The current operational idea behind Google’s Palimpsest Project is to ship 3TB (terrabyte= 1.0995 x 1012 bytes) drive array (Linux RAID-5) for scientists, who upload their data and FedEx the hard drives back to Google. Google then make those data publicly available and manageable. This file transfer method was heavily criticized by Dai Davies in Ars Technica. “This is a bit like using Flintstones technology in the Internet era.” although there are arguments behind this choice, see Jon Trowbridge’s 11th slide. Forget about this uploading/updating problem to the amount of this post. Here I only care about the end-user, the scientist who is provided with whatever tool to upload 3TB of research, measurement data on behalf of her research facility. While for an astronomer hundreds of gigabytes/day can seem as a normal output my angle is on how a life scientist and his data fits to this 3TB equation and eventually to the Palimpsest Project. Accordingly, my question is this:
How much data is produced by an average wet lab scientist, biomedical researcher/day?
I try to come out with a rough guess in the hope of subtle corrections from the commenters: I assume the following (rather busy) daily production of data by our average scientist in an average lab:
running a gel – making a gel photo 300 KB .tiff
preparing 5 samples for sequencing at the core facility, output: 500 KB – 1MB ab1, seq files
FACS sorting of different cell populations: 1 MB of special FACS files and 100 KB pdf out of it
conducting a microarray measurement in a cooperation: microarray: 100 MB without analysis (further Excel files)

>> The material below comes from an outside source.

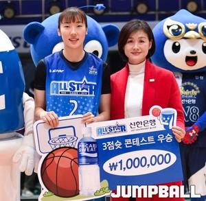 [점프볼=인천/윤희곤 기자] 24일 인천도원체육관에서 열린 ‘신한은행 2017-2018 여자프로농구 올스타전’. 우리은행 엄다영과 KBSN 염상엽 아나운서의 올스타전 특별공연이 진행되었다.

making high res cell culture pictures: 20 pictures, 40 MB, jpg files
and optionally (count 2/week), but that makes the bulk of the data: recording an overnight time series confocal microscopy “movie”: microscope’s own file format, say lsm, 1- 1.5 GB and corresponding avi file, say: 100 MB
With a rough (and decimal) overestimation it is 250 MB/day and with 2 additional microscopy movies/week it seems no more than 4.5 Gbytes/week which can add up to no more than 20 Gbytes/month, and that’s roughly 240 GB = 0.24 TB/year and for a 3TB hard drive it is the 13 year long work of one individual scientist. For instance, counting a lab with 70 people out of which say 50 are producing experimental data, they produce roughly 3 TB within 3 months.
Conclusion: Middle size biomedical labs are within range of the Google Palimpsest project, but they definitely won’t be the limiting factors in the next 1-2 years concerning the hard drives.